The Jodrell Virgo survey is part of HIJASS and encompasses 4 X 8 degrees, fully sampled.

  • Actually, it is very difficult, if not impossible, to find isolated HI clouds in the absence of star formation. HIPASS has already shown this to be the case.
  • The centers of clusters like Virgo are well known to be populated by HI deficient objects. This indicates that we should perhaps survey the outskirts of the cluster to look for low mass clouds.

  • In the survey, objects were detected using a combination of by-eye method and automated routine.


    Four new detections were shown along with their comparable HIPASS spectra which are, as expected, much noisier. Weak detections were also confirmed by pointed Jodrell observations.

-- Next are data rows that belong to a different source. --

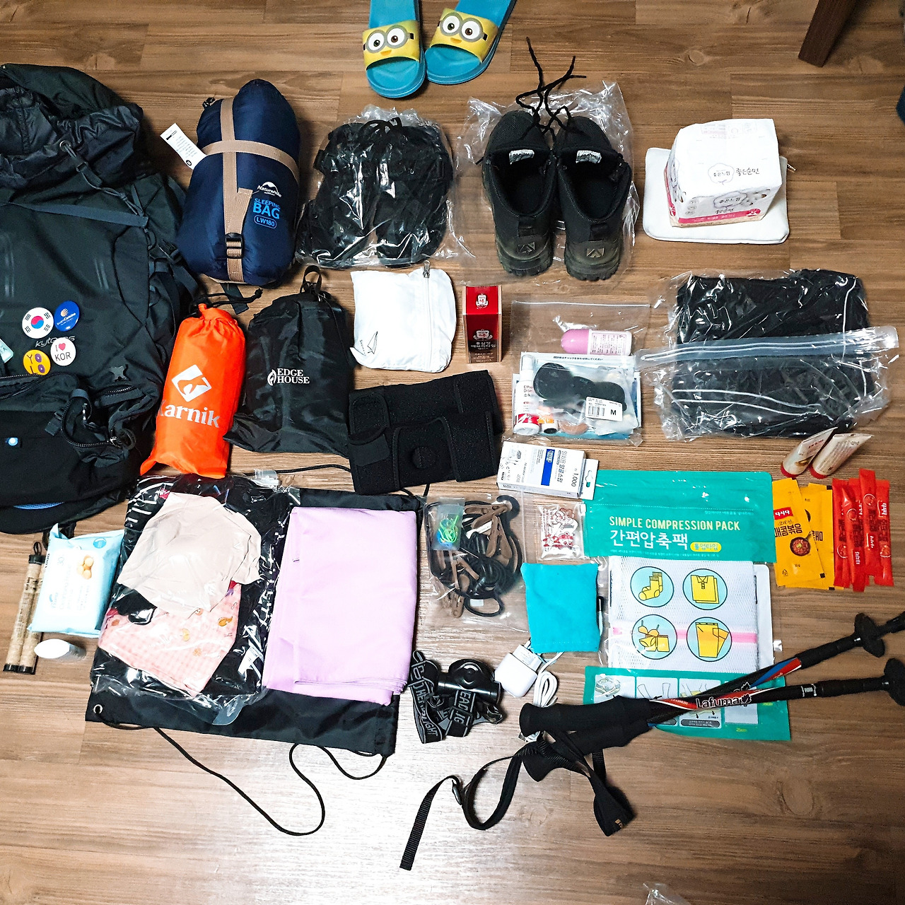 정말 이것저것 다 챙긴 짐들... 지금 보니 쓸데없는 것들도 참 많다.그렇게 모든 짐을 꾸리고 배낭을 메보는 순간, 알았다.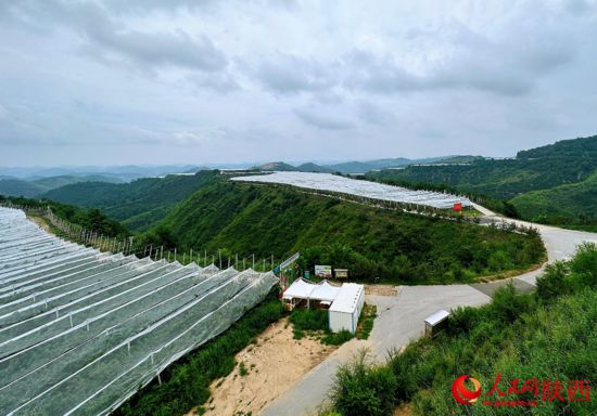 櫻桃園和蘋果園內(nèi)架滿防雹網(wǎng),有效提高了果樹抵抗自然災(zāi)害風(fēng)險(xiǎn)的能力。 人民網(wǎng) 白鴿攝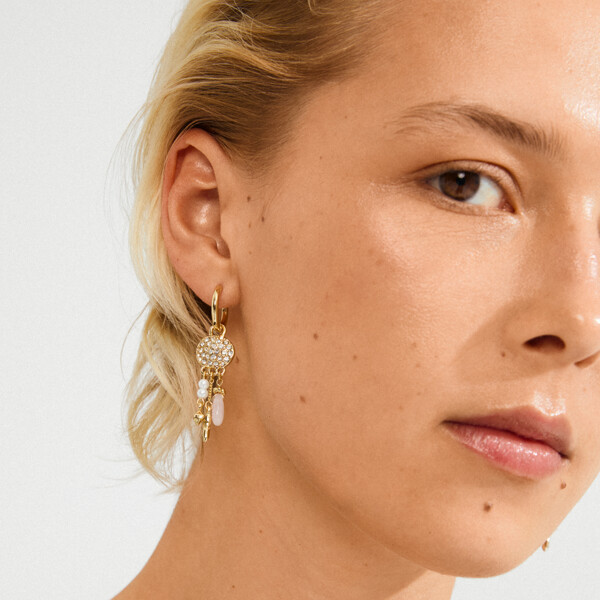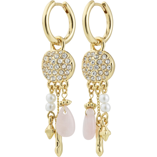 The gold-plated SHIFT hoops from Pilgrim's Moments of Change collection are the ultimate combination of boho chic and playful elegance. Small coin pendants, adorned with sparkling Preciosa crystals, reflect the light in a magical way while pearlescent glass beads and the love stone rose quartz provide a light and free feeling. A playful combination of details that gives your look a dreamy and unique energy.

    Riccardo The redshift distribution is of a region off-center from the cluster so the results may show what is expected just from the increase in the volume sampled behind the cluster
    Jon The targetted field doesn't cover any of the clouds with sysematically higher velocity.
    Martha H. Primary/secondary distances do indicate an elongation into the background for Virgo, along the line of sight.
    Wim vD. Some of us will be back in a few months to use AO to look at LSB galaxies in Virgo.
    Noah B. You should have gone beyond 2500 km/s to look at galaxies in void.
    Jon Yes, that was obvious when we looked at the redshift distribution.
    Noah B. How far can you go?
    Jon 3500-4000 km/s with Jodrell Bank, which we are in the process of doing.
    Peppo G. Are you planning to cover more of the cluster?
    Jon We'd like to, but we have no more time yet.
    Lister You need to know distances to these objects.
    Jon We put all at 16 Mpc.
    Lister But the objects at 2500 km/s must be in the background, right?
    Jon Not according to Binggeli.
    Lister But he's looking in core and this region is off to one side.
    Jon It should be true for the area I'm looking at; he includes different galaxy "clouds".
    Lister Do you have any plan to get redshift independent distances?
    Jon Some of them should have them already.
    Wolfram F. Do the velocity widths suggest that there should be optical counterparts?
    Jon Yes. One is very narrow so I suspect it may be a face on galaxy.
    Steve S. The distribution of velocities is very interesting. You could also look at the distribution of widths to see whether they are likely to be at larger distances.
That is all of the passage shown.